The reason for that sort of new approach is that once we, or as we, plunge into ever more too-big-to-terminate studies, with their likely minimal cost-benefit payoff, we lock up resources that clever thinkers might find better ways to use. And unless we do something of that sort, the message to scientists is to be more strongly driven to think in Big Data terms---because they'll know that's where the money is and how to keep their hold on it. This is exactly what's happening today.
Unfortunately, even many fundamental things in physics, the archetype of rigorous science, are being questioned by recent findings. Life sciences are in many relevant ways a century behind even that level. But this seems not to give us, or our funders, pause. Changing gears seems to go against the grain of how our industrialized society works.
In times of somewhat crimped resources from traditional funders, it's no wonder that universities and investigators are frantically turning to any possible source they can find. As we know from our own experience and that of colleagues, so much time is spent hustling and so relatively little in doing actual research, that the latter is becoming a side-light of the job. But it doesn't really seem to be changing how people think, and the push for Big Data is an understandable part of the strategy. The way to think about science itself is not changing under this pressure. At least not yet.
We keep harping on this message because it involves both the nature of knowledge and the societal aspects of how we acquire it.
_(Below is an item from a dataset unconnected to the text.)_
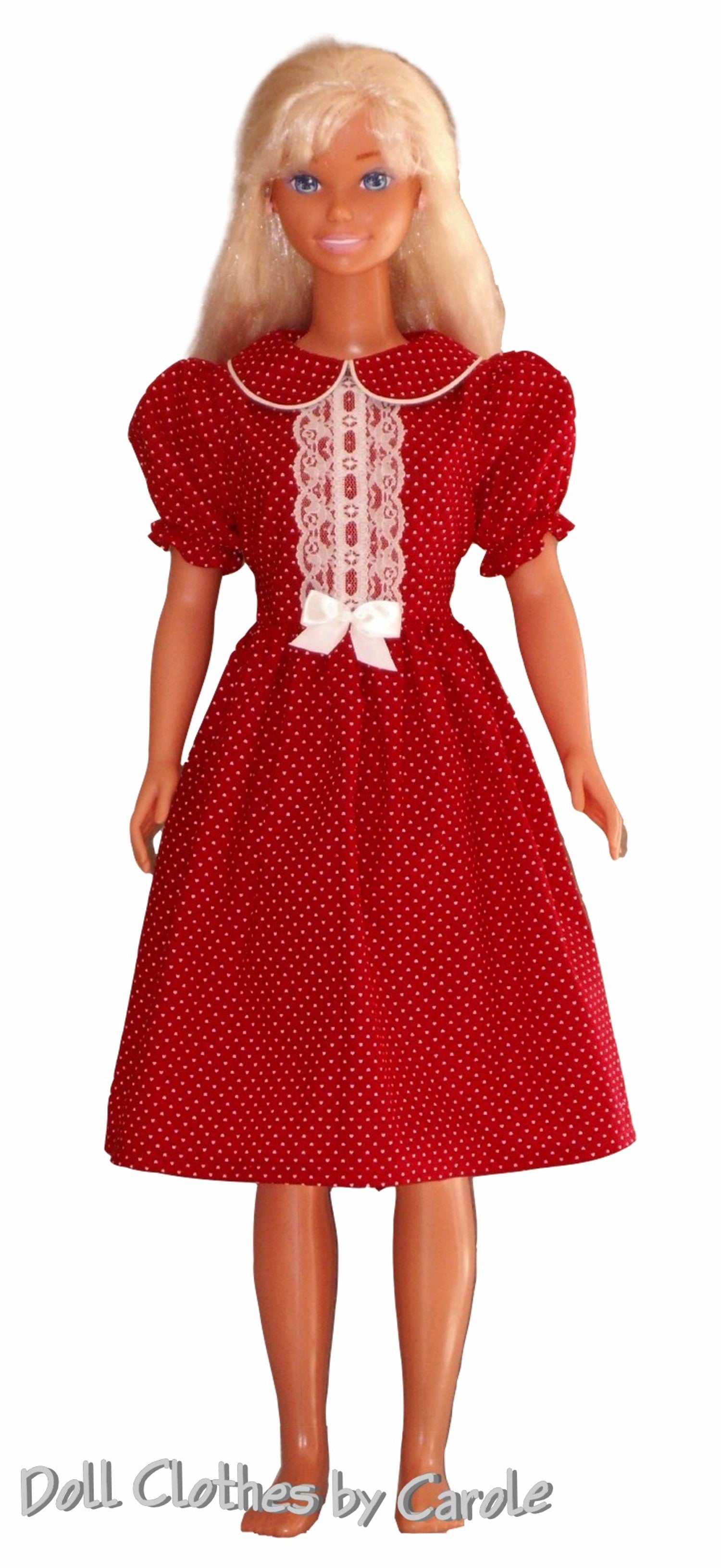This charming Basic Dress fits 36" My Size Barbie dolls perfectly! Featuring a sweet peter pan collar and decorative trim at the front bodice, it's a timeless style that's easy to dress and undress. Choose between short or long sleeves to match your doll's mood, and the convenient back Velcro closure makes outfit changes quick and simple. A wardrobe essential for any My Size Barbie collector!

Even if there were no material interests in terms of allocation of resources, to cling to Big Data, we face a scientific or even epistemological problem that few seem interested in facing. There is simply too little pressure to force people to think differently.
Perhaps, if the message is said enough times, and read by enough people, sooner or later, somewhere, someone might get it, and show the rest of us a better way to fathom the causal complexities of the world.